* [ACTION ITEM]: Output exactly the lines that run from the start of the records to the line with "5.Este cebo auxiliar", counting both ends, and skip the pictures.

* [DATA FOR THIS TASK]:
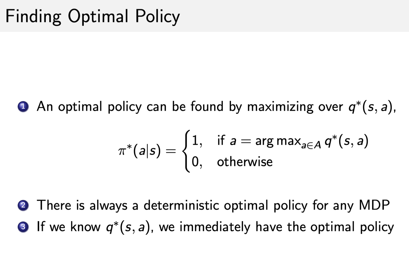 怎么去寻找这个最佳的 policy ,这里一个隐含条件是当我们取得最佳的价值函数过后,我们其实可以通过对这个 Q 函数进行极大化,然后得到最佳的价值。当所有东西都收敛过后,因为 Q 函数是关于状态跟动作的一个函数,所以对某一个状态采取一个行为,然后可以使得这个 Q 函数最大化,那么就这个行为就应该是最佳的行为。所以当我们能优化出一个 Q 函数,我们可以直接在这个 Q 函数上面取一个让这个 action 最大化的值,然后我们就可以直接提取出它的最佳策略。
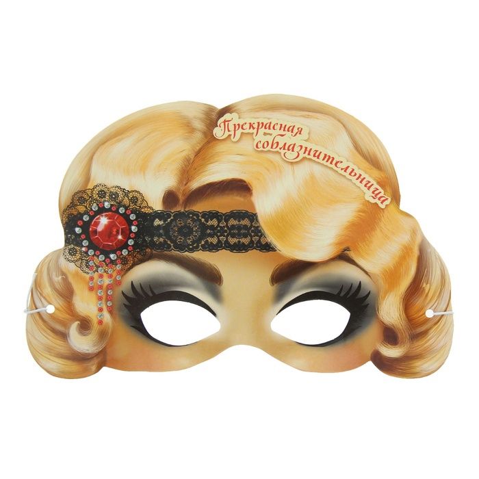 Маска прекрасной блондинки-соблазнительницы - это маска на пол лица, изображающая лицо очаровательной блондинки с ярким выразительным макияжем и прической в стиле ретро. Маска выполнена из качественного картона и имеет прорези для глаз и удобную резинку для крепления.
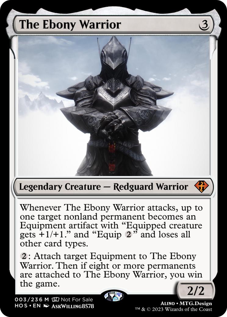 {2}: Attach target Equipment to The Ebony Warrior. Then if eight or more permanents are attached to The Ebony Warrior, you win the game.
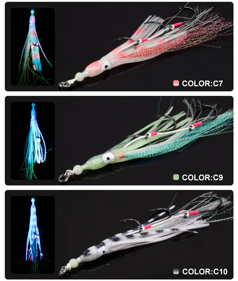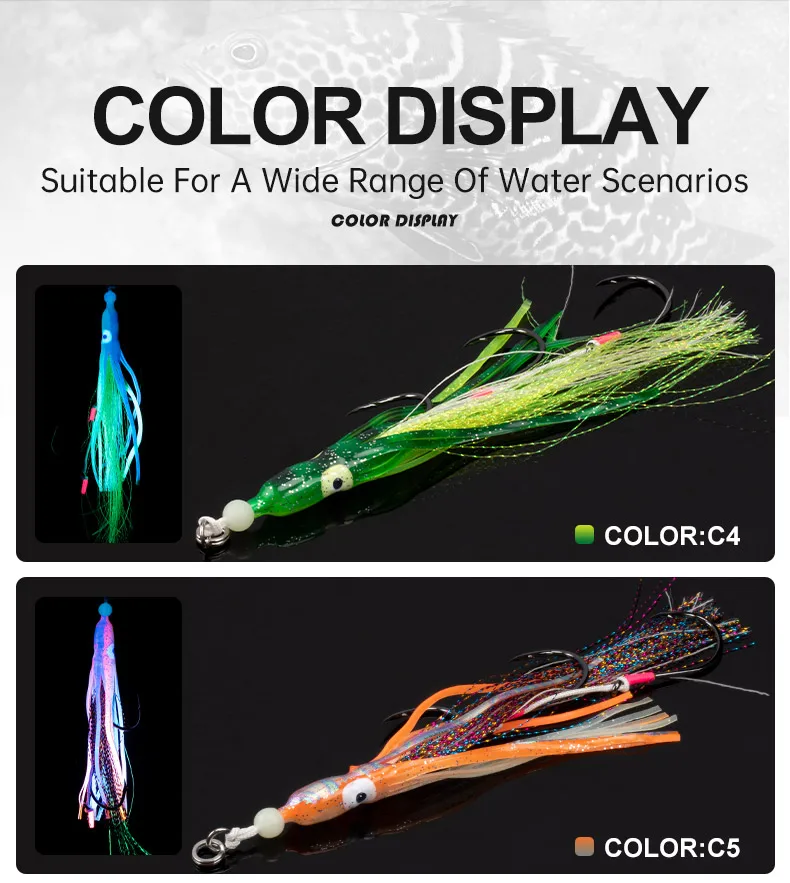5.Este cebo auxiliar también tiene un teaser de calamar en la parte superior para ayudar aún más a un deslizamiento más aerodinámico hacia el fondo.
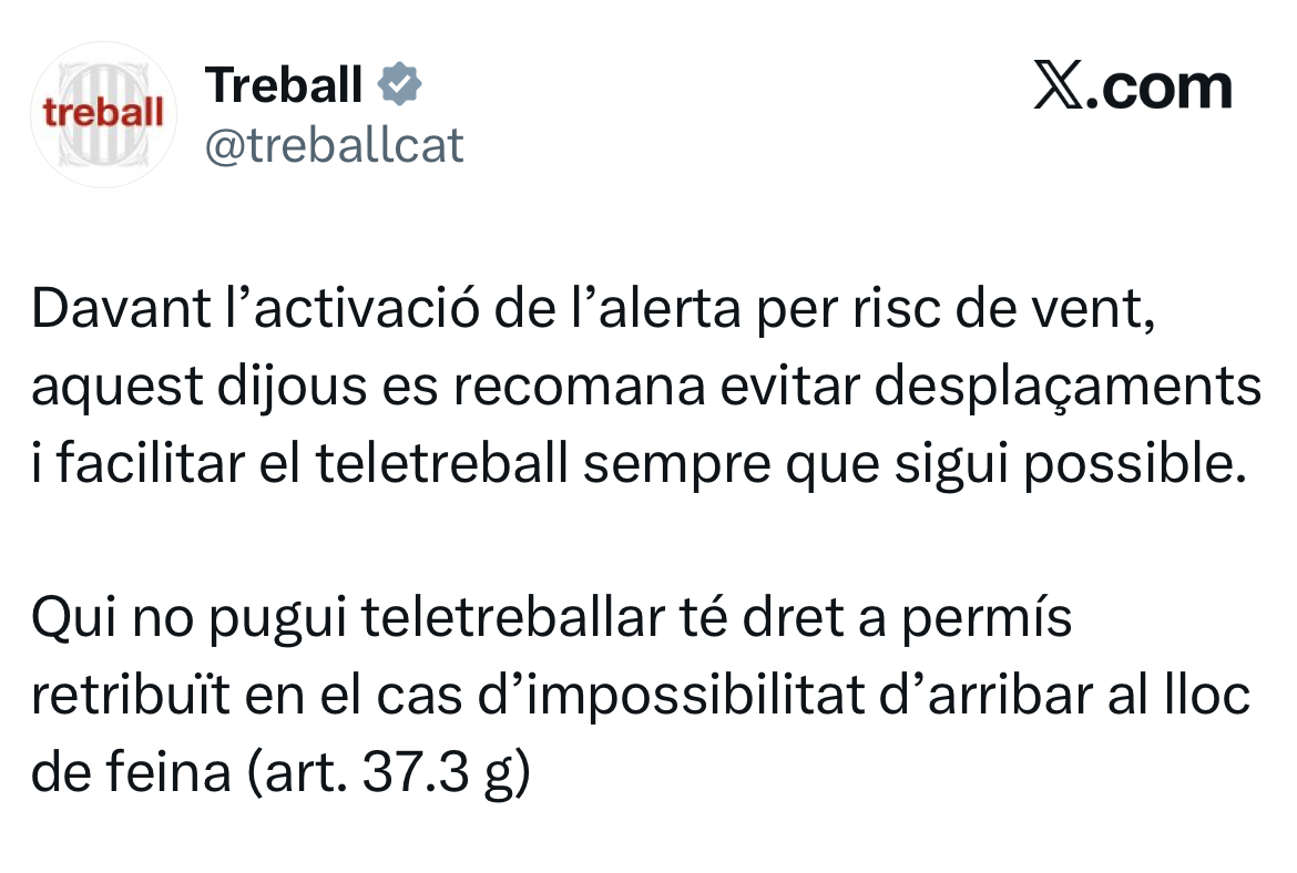 Davant l’activació de l’alerta, Treball ha fet públic que aquest dijous es recomana evitar desplaçaments i facilitar el teletreball sempre que sigui possible.
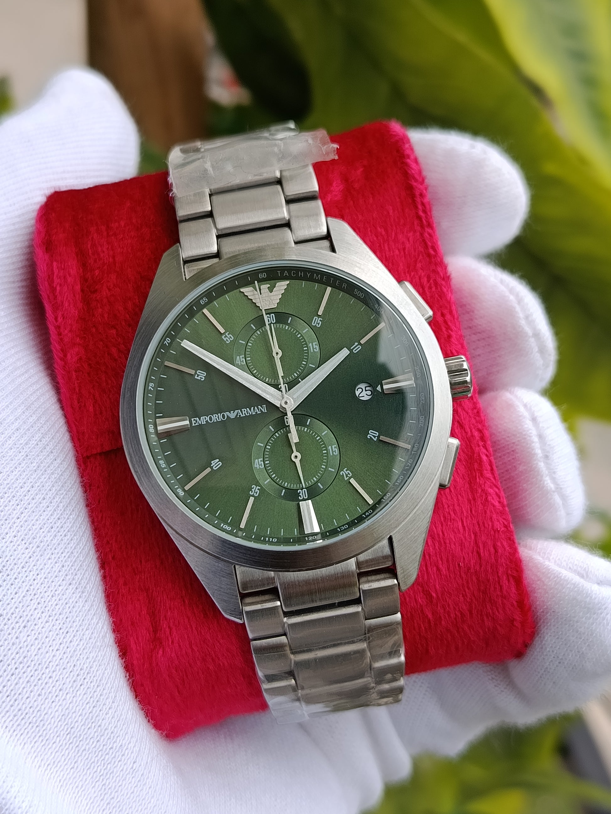 Emporio Armani AR11541 Men’s Chronograph Watch – Green Hulk Dial with Stainless Steel Bracelet

* [ANSWER SPACE]:
 怎么去寻找这个最佳的 policy ,这里一个隐含条件是当我们取得最佳的价值函数过后,我们其实可以通过对这个 Q 函数进行极大化,然后得到最佳的价值。当所有东西都收敛过后,因为 Q 函数是关于状态跟动作的一个函数,所以对某一个状态采取一个行为,然后可以使得这个 Q 函数最大化,那么就这个行为就应该是最佳的行为。所以当我们能优化出一个 Q 函数,我们可以直接在这个 Q 函数上面取一个让这个 action 最大化的值,然后我们就可以直接提取出它的最佳策略。
 Маска прекрасной блондинки-соблазнительницы - это маска на пол лица, изображающая лицо очаровательной блондинки с ярким выразительным макияжем и прической в стиле ретро. Маска выполнена из качественного картона и имеет прорези для глаз и удобную резинку для крепления.
 {2}: Attach target Equipment to The Ebony Warrior. Then if eight or more permanents are attached to The Ebony Warrior, you win the game.
5.Este cebo auxiliar también tiene un teaser de calamar en la parte superior para ayudar aún más a un deslizamiento más aerodinámico hacia el fondo.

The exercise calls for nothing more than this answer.